··· Data provided

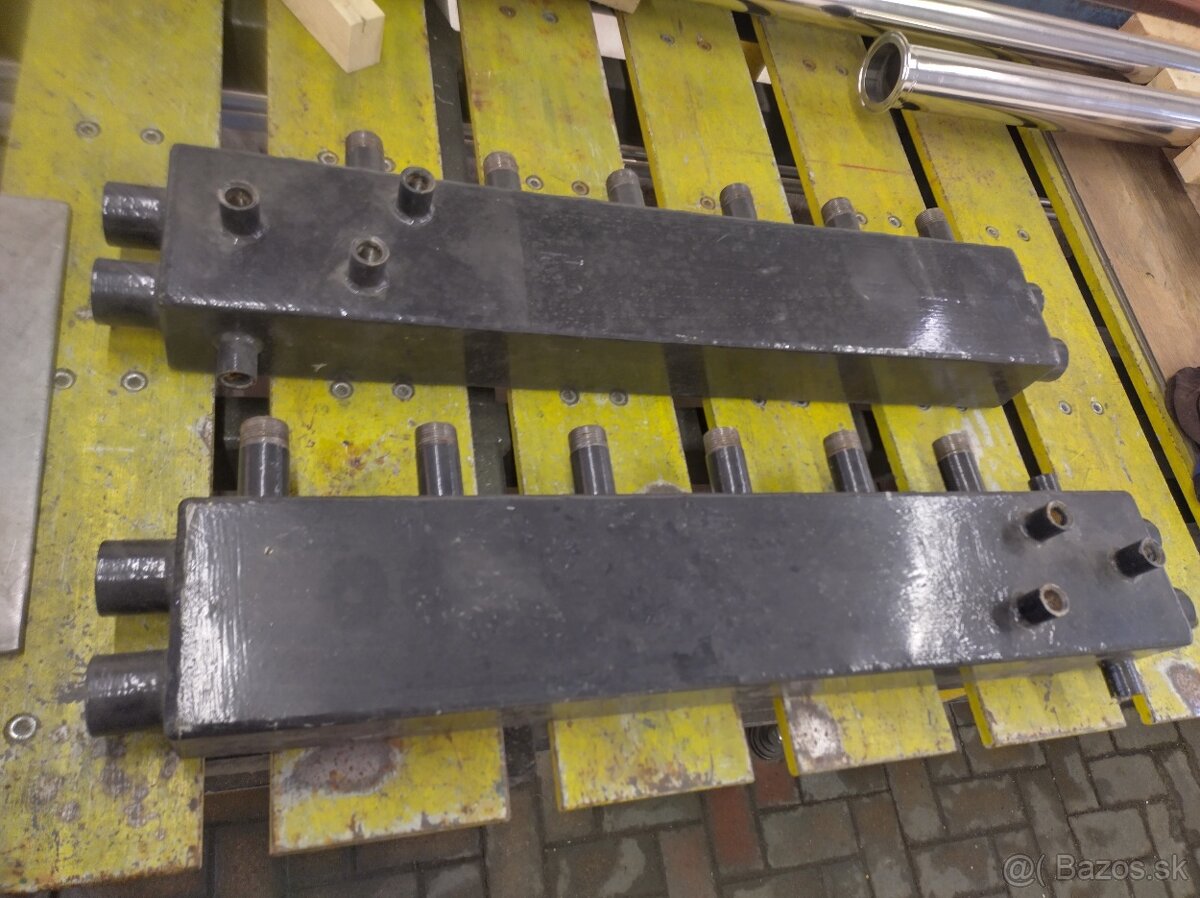 Z boku su 5/4" zavitove mufne na vzajomne prepojenie, z vrchu su 1" zavitove navarky na dopojenie kotlov, resp. cerpadiel a rozne po bokoch su umiestnene 1/2" zavitove mufne na vypustacie ventily, odvzdusnovacie ventily, manometre a teplomery.
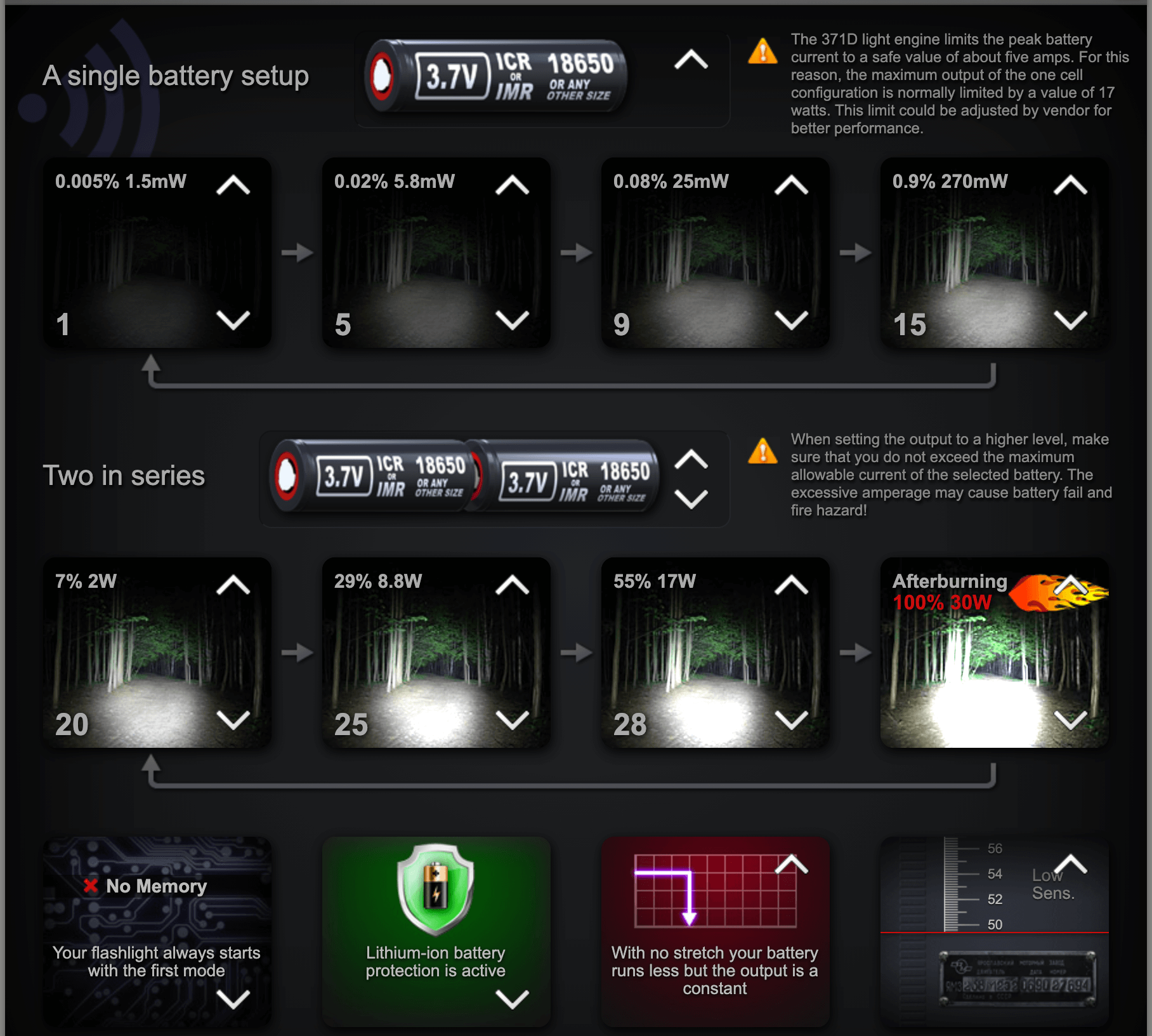 That’s right, a nine-page manual! A whole bunch of that is more geared to the 372 driver, which is different hardware than I’m covering here. Technically 371 v2.0 and 372 v2.0 have “identical firmware” (according to the manual), so practically everything you read in this review will also be useful knowledge for your TorchLAB BOSS 371 v2.0 firmware driver. There is one massive difference, however. The 372 v2.0 driver has compatibility with a maximum of one cell whereas the 371 v2.0 will work with two cells as well as one. But BOSS lights aren’t available with 372, so 372 isn’t the scope of this discussion.
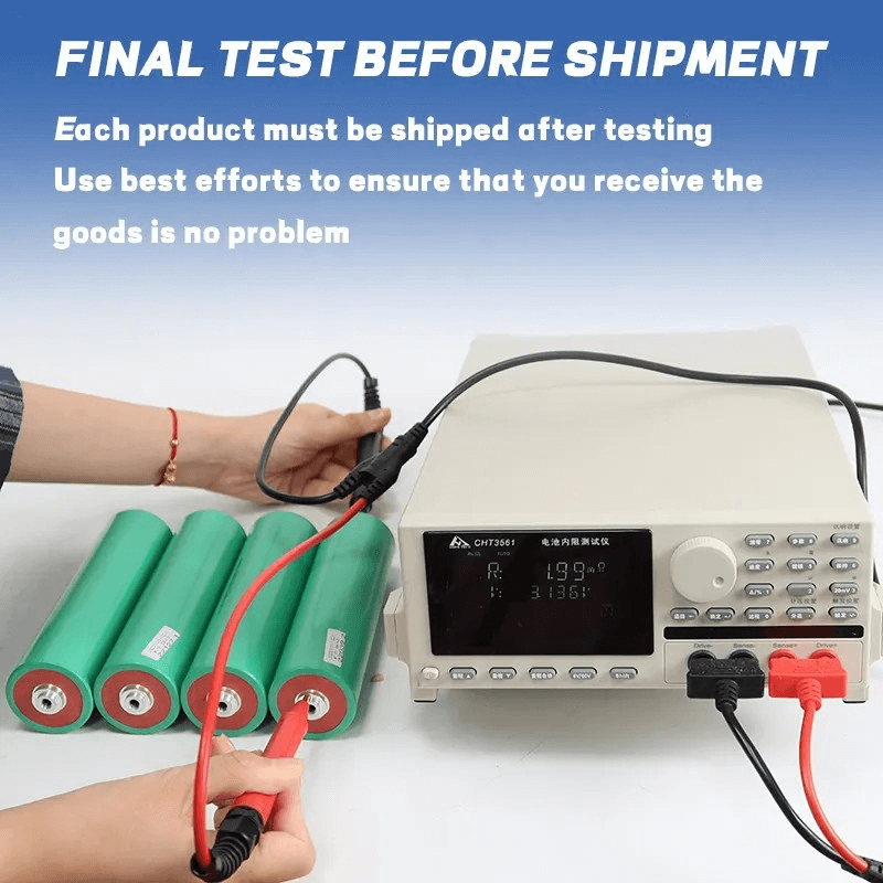 ნაკაწრების კვალი ნორმალური ფაქტორია, რადგან ქარხნული ხარისხის კონტროლი რამდენჯერმე შემოწმდა. სხვადასხვა შემოწმების დროს, ყველა აკუმულატორი ერთად არის მოთავსებული და ხარისხის კონტროლი შეამოწმებს ჩვენს საწყობში; ყველა პრიზმული ელემენტი ლაზერით შედუღებული იქნება, თითოეული უჯრედის ძაბვა და შიდა წინააღმდეგობა შემოწმდება, რათა დარწმუნდეთ, რომ აკუმულატორის ელემენტები შეესაბამება და ჩვენს საწყობში პარტიულად იტვირთება.
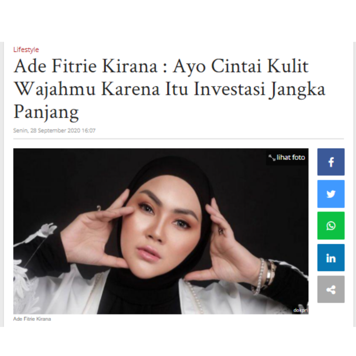 Baca Selengkapnya: Ade Fitrie Kirana : Ayo Cintai Kulit Wajahmu Karena Itu Investasi Jangka Panjang

······

▶ Exercise goal
Repeat exactly and only the lines from the start of the data above through the line that holds "That’s right, a", inclusive. Pictures do not belong in the copy.

▶ Exercise response
 Z boku su 5/4" zavitove mufne na vzajomne prepojenie, z vrchu su 1" zavitove navarky na dopojenie kotlov, resp. cerpadiel a rozne po bokoch su umiestnene 1/2" zavitove mufne na vypustacie ventily, odvzdusnovacie ventily, manometre a teplomery.
 That’s right, a nine-page manual! A whole bunch of that is more geared to the 372 driver, which is different hardware than I’m covering here. Technically 371 v2.0 and 372 v2.0 have “identical firmware” (according to the manual), so practically everything you read in this review will also be useful knowledge for your TorchLAB BOSS 371 v2.0 firmware driver. There is one massive difference, however. The 372 v2.0 driver has compatibility with a maximum of one cell whereas the 371 v2.0 will work with two cells as well as one. But BOSS lights aren’t available with 372, so 372 isn’t the scope of this discussion.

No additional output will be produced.